Under Turkish law, force majeure generally refers to unforeseeable and unavoidable events beyond a party’s control that prevent performance. Depending on the contract and circumstances, it may suspend obligations, excuse delay, or allow termination, provided notice and mitigation duties are observed.

Legal Framework in Turkey

Force majeure is not exhaustively defined in a single provision under Turkish law.
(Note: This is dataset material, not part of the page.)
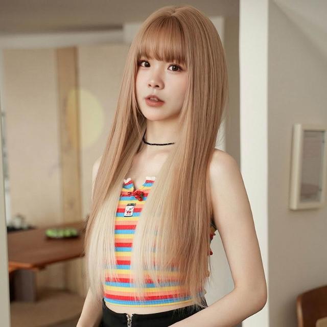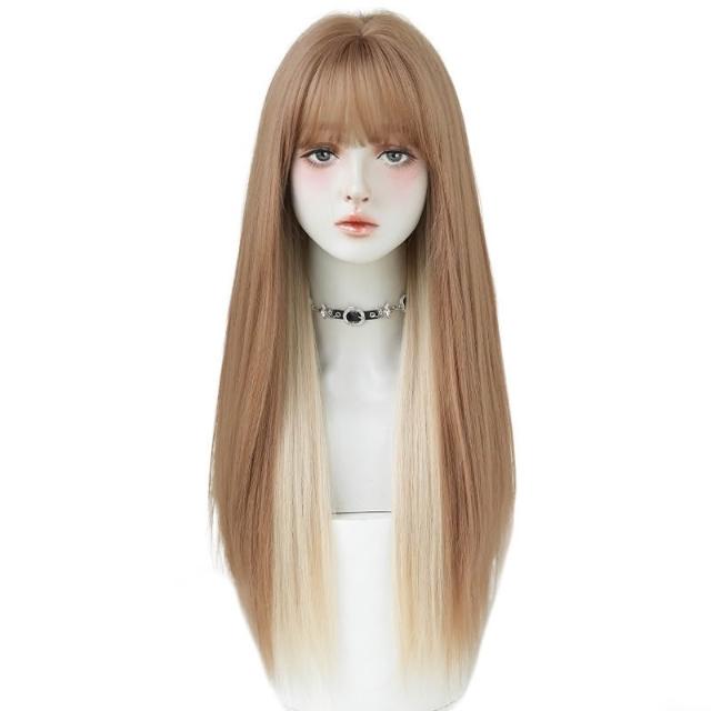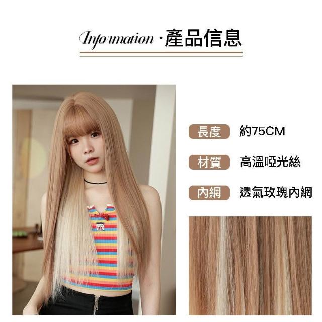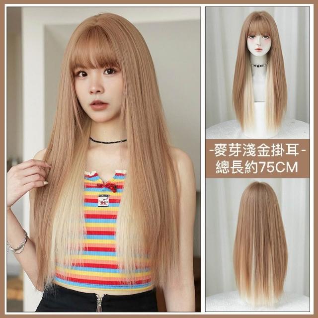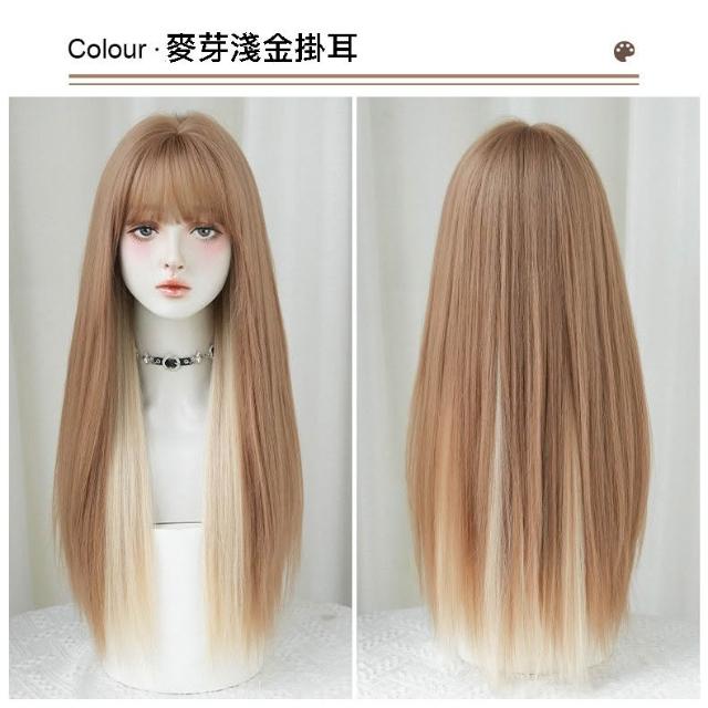 麥芽淺金挑染 假髮女長直髮麥芽淺金挑染漸層長髮整頂全頭套 0408

It is assessed based on the parties’ agreement and the general principles of the Turkish Code of Obligations No. 6098, particularly rules on impossibility of performance, debtor’s liability, and termination or adaptation where applicable.

Key Points to Remember

  • The event must be external, unforeseeable, unavoidable, and causally prevent performance
  • Force majeure often results in suspension of obligations rather than automatic termination
  • Timely notice and proper evidence of the force majeure event are critical
  • The affected party must take reasonable steps to mitigate damages
  • Economic hardship alone does not automatically constitute force majeure under Turkish law

Drafting Considerations

When drafting force majeure clauses under Turkish law, parties should clearly define qualifying events, notification requirements, suspension periods, termination rights, and the allocation of costs and risks during the force majeure period.

Including appropriate dispute resolution mechanisms, clear governing law provisions, and well-defined obligations helps prevent future conflicts and ensures enforceability.